I can't relate any of my CFL bulb failure to turning on and off frequently. I think sometimes I'm more conscious of failure of a bulb that is turned on and off frequently than I am of a bulb that is left on for longer periods of time. In all events, over the past several years the overall failure rate has been low, which I am guessing to be maybe one bulb out of 10. At the same time, we have several CFL's that have lasted more than 10 years, get lots of use, and still are going strong. I think it balances out.


----------



## jebatty (Oct 1, 2008)

An idea for easy LED use on your electrical equipment - add a single rectifier diode and resistor and use as a pilot light. I added two to my generator, one to each side of the 240 volt line. I was having trouble with a plug connection of the generator itself that was making one line intermittent. Got very easy confirmation that both lines were hot.

I'm also going to be adding LED pilot lights to the circ pumps on my boiler. There is enough space in the wiring box to do this, and I will drill a hole in the case and just use friction to hold the LED to the case. Some circ pumps now come with an LED pilot light.

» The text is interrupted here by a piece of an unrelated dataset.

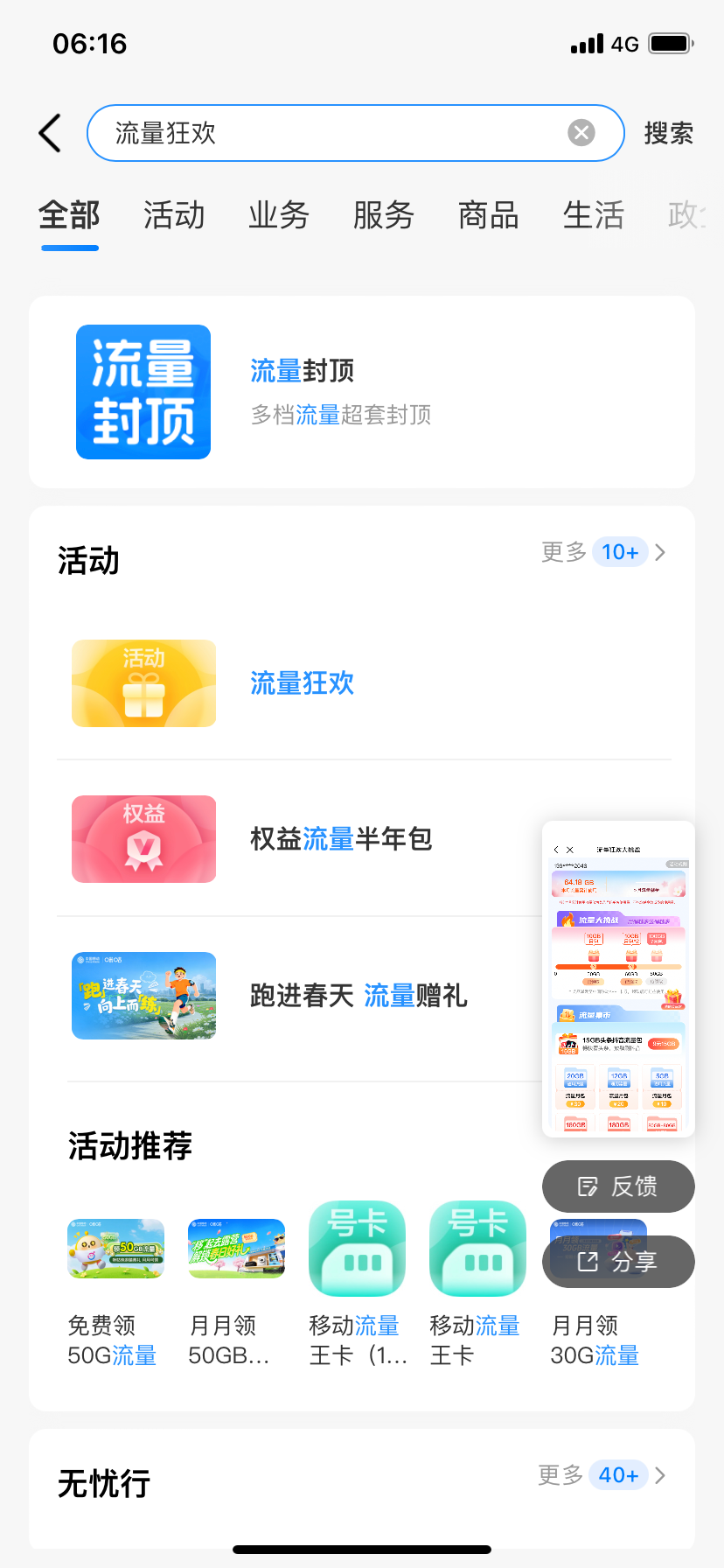 移动app ,搜流量狂欢, ,点进去,领了60G月包, ,每个人的不同,基本上都有

I was thinking about using an LED pilot to quickly let me know if my new 4000 watt-equivalent LED searchlight was on. LOL


----------



## Jerry_NJ (Oct 1, 2008)

I don't have any general complaint about the life of CFL bulbs, which we have used extensively for more than 10 years.  I do know that the lamps I have on timers, on at dusk, off around midnight, have the most hours on them, and the seem to just keep going.  I know some of these have been in this on for about 10 hours a day for years.  Yet, we do have failures, and as sonnyibc says it may be due to short on/off cycles.  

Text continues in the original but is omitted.